== What the task asks ==
The line with "The luggage itself" starts the range, and the last line of the listing ends it. Retype that range exactly, without pictures.

== Data section ==
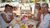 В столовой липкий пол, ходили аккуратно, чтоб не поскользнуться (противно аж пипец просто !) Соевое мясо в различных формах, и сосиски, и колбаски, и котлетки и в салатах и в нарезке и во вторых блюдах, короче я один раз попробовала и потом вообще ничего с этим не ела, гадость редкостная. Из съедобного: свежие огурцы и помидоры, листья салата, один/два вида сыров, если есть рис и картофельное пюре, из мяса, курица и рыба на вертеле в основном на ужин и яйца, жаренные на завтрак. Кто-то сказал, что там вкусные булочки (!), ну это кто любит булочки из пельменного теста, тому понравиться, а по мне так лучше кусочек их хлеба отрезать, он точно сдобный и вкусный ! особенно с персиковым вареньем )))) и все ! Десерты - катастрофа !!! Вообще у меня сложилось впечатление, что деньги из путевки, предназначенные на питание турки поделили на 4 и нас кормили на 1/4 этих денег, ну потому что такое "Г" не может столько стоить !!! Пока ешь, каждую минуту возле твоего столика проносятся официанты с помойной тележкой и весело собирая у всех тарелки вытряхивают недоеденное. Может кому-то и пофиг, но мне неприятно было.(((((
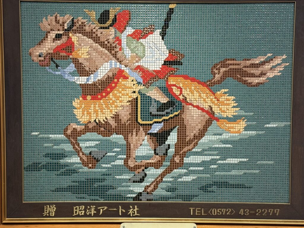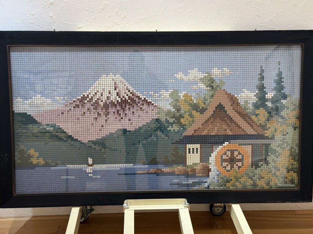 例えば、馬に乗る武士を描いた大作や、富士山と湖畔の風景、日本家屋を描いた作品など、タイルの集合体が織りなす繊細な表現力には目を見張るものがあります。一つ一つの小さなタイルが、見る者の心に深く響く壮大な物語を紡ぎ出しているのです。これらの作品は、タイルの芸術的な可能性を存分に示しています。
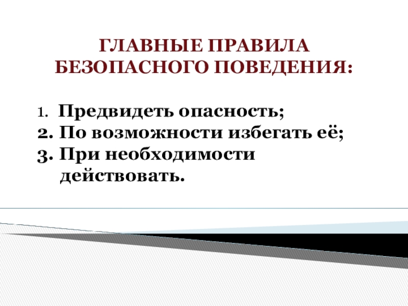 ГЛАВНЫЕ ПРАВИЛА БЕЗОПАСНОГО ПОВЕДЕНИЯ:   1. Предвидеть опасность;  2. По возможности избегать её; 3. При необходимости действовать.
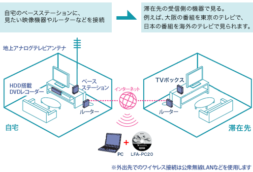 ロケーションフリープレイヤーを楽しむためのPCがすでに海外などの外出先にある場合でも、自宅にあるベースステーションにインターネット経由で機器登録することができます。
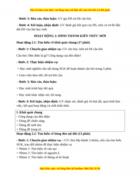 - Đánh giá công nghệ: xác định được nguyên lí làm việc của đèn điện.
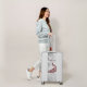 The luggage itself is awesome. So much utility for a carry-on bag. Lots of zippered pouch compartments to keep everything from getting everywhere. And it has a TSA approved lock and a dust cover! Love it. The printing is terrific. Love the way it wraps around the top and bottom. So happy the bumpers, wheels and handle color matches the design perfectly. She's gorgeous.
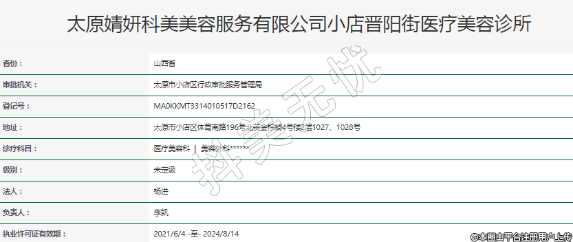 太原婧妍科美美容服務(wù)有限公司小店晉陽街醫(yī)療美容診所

== Output for this exercise ==
 The luggage itself is awesome. So much utility for a carry-on bag. Lots of zippered pouch compartments to keep everything from getting everywhere. And it has a TSA approved lock and a dust cover! Love it. The printing is terrific. Love the way it wraps around the top and bottom. So happy the bumpers, wheels and handle color matches the design perfectly. She's gorgeous.
 太原婧妍科美美容服務(wù)有限公司小店晉陽街醫(yī)療美容診所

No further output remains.